3

If we take a look at the String#substring method implementation :

new String(offset + beginIndex, endIndex - beginIndex, value);

We see that a new String is created with the same original content (parameter char [] value).

So the workaround is to use new String(toto.substring(...)) to drop the reference to the original char[] value and make it eligible for GC (if no more references exist).

I would like to know if there is a special reason that explain this implementation. Why the method doesn't create herself the new shorter String and why she keeps the full original value instead?

The other related question is : should we always use new String(...) when dealing with substring?

alain.janinm
  • 19,951
  • 10
  • 65
  • 112

3 Answers3

2

Because String is immutable class

Also See

Community
  • 1
  • 1
jmj
  • 237,923
  • 42
  • 401
  • 438
  • 1
    A useful complementary link on **why** `String` is immutable: [Why String is immutable in Java?](http://javarevisited.blogspot.it/2010/10/why-string-is-immutable-in-java.html) – Luca Geretti Jun 20 '12 at 09:16
  • @LucaGeretti you should propose that as an edit to the answer. – Kazekage Gaara Jun 20 '12 at 09:18
  • @Kazekage: I didn't simply because it is an external link. I'd rather integrate (some of) the content into the answer. – Luca Geretti Jun 20 '12 at 09:19
  • I know - maybe not enough - that Strings are immutable but I don't understand why it an explanation... I mean they can have call the String constructor with a shorter char[] instead of the original one. – alain.janinm Jun 20 '12 at 09:23
2

I would like to know if there is a special reason that explain this implementation. Why the method doesn't create herself the new shorter String and why she keeps the full original value instead?

Because in most use-cases it is faster for substring() to work this way. At least, that's what Sun / Oracle's empirical measurements would have shown. By doing this, the implementation avoids allocating a backing array and copying characters to the array.

This is only a non-optimization if you have to then copy the String to avoid a memory leakage problem. In the vast majority of cases, the substrings become garbage in a relatively short period of time, and there is no long-term leakage of memory.


Hypothetically, the Java designers could have provided two versions of substring, one which behaved as currently, and the other that created a String with its own backing array. But that would encourage the developer to waste brain-cycles thinking about which version to use. And then there's the problem of utility methods that build on substrings ... like the Pattern / Matcher classes for instance. So I think it is a good thing that they didn't.

Stephen C
  • 698,415
  • 94
  • 811
  • 1,216
  • Ok, thanks for the answer! So you mean always using `new String()` improve memory management, but it will not make the app faster? – alain.janinm Jun 20 '12 at 09:26
  • 1
    @alain.janinm - it is more complicated than that. On the one hand, `new String()` often doesn't improve memory management at all. On the other hand, when it does improve memory management it will make the app go faster. Basically, you have to understand your application's behaviour in order to know whether this will improve things. – Stephen C Jun 20 '12 at 09:34
  • Ok I was wondering the same but I was not sure! Thanks for the enlightenment! – alain.janinm Jun 20 '12 at 09:49
1

The reason for this implementation is efficiency. By pointing to the same char[] as the original string, no data needs to be copied.

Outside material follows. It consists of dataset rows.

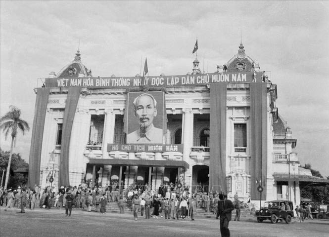 Bên ngoài Nhà hát Lớn Hà Nội ngày 10/10/1954. (Nguồn: Tư liệu TTXVN)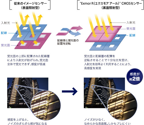 ソニー独自開発の有効1020万画素、1/2.4型CMOSセンサー“Exmor R(エクスモア アール)”を搭載。CMOSセンサーへの入射光を効率よく利用できる「裏面照射技術」を採用することで、感度が約2倍(*2)アップし、ノイズを約1/2に低減します。これにより、夜景や室内などの暗いシーンでも、ノイズが少なく、なめらかで美しい写真を撮影できます。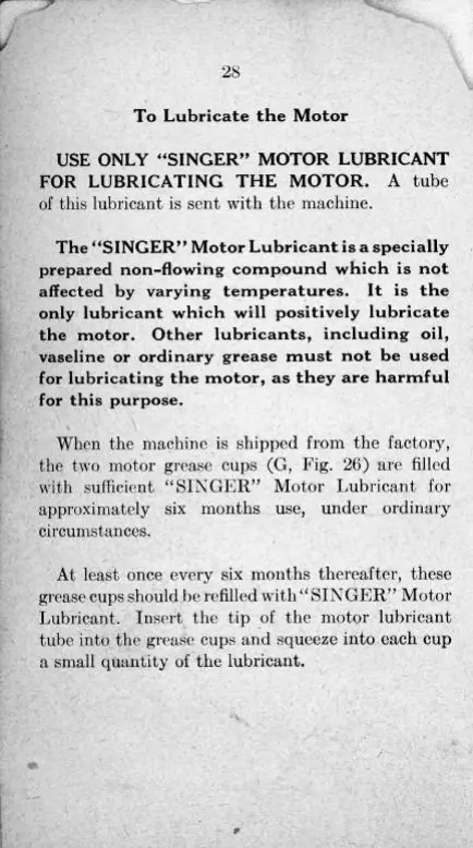 USE ONLY "SINGER" MOTOR LUBRICANT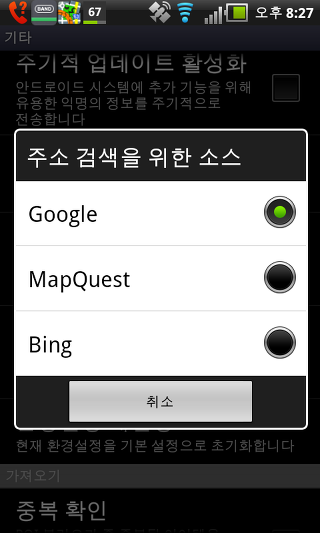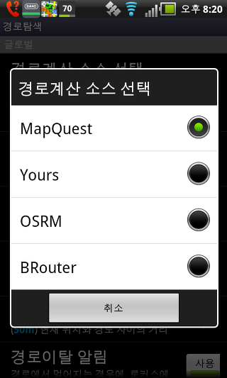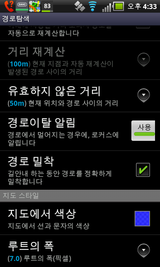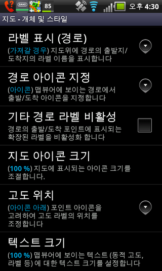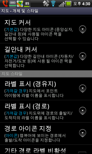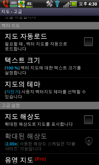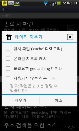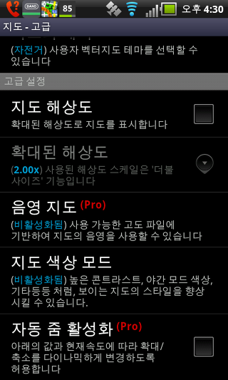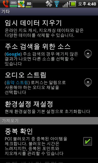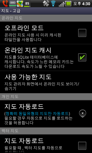 온라인 지도 캐시 - 이 설정는 온라인 지도를 임시로 저장할 수 있습니다. 만일 당신이 SD 카드에 공간이 부족하다면, 이 설정을 비활성화 할 수 있습니다.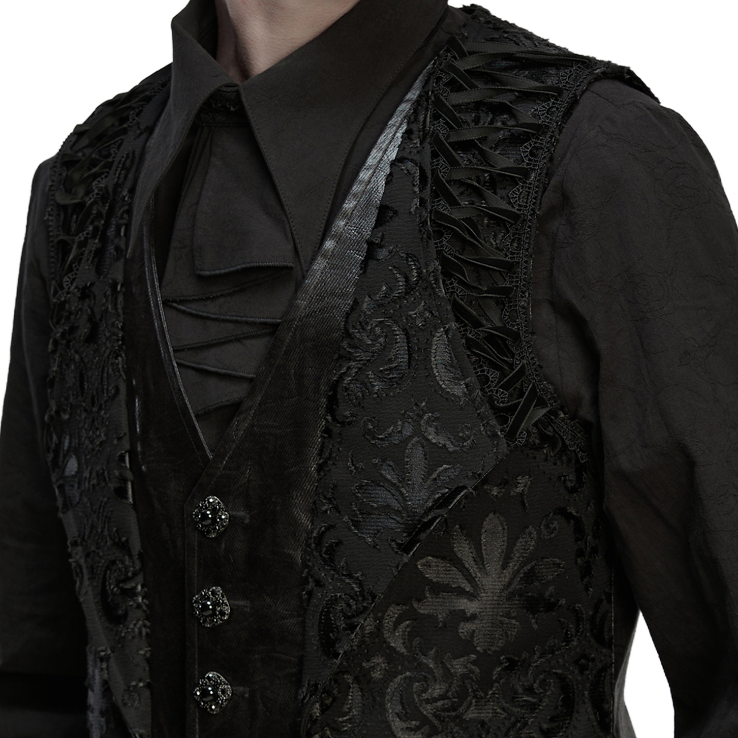 Gilet damassé noir-gris pour hommes de style gothique victorien, orné de sangles en ruban de satin sur la fermeture frontale et de boutons noirs estampés. • Sangle au dos avec boucle argentée...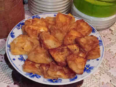 - Каждую пластинку обмакнуть в муку и обжаривать с двух сторон, как кабачки.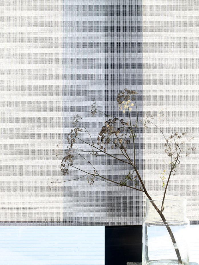 The structure of the Cloud blind fabrics sifts light like clouds, ever changing. The different characteristics of the fabrics come out depending on the time of the day: outside light shows the structure and darkness brings out the different tones of the fabrics. There are both two-coloured and multi-coloured fabrics in the Cloud collection.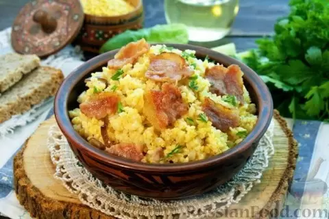 - Пшённая каша с беконом: Эта классика не осталась без внимания. Пшено готовится в духовке, а к нему добавляются сочные кусочки бекона и ароматный лук, что придаёт блюду невероятный вкус и насыщенность.

This does have a downside though, as you've already hinted at yourself. If the original string is long and you just want to get a small part of it, and you don't need the original string anymore after that, then the complete original array is still referenced and can't be garbage collected. You already know how to avoid that - do new String(original.substring(...)).

should we always use new String(...) when dealing with substring?

No, not always. Only when you know it might cause problem. In many cases, referring to the original char[] instead of copying the data is more efficient.

Jesper
  • 202,709
  • 46
  • 318
  • 350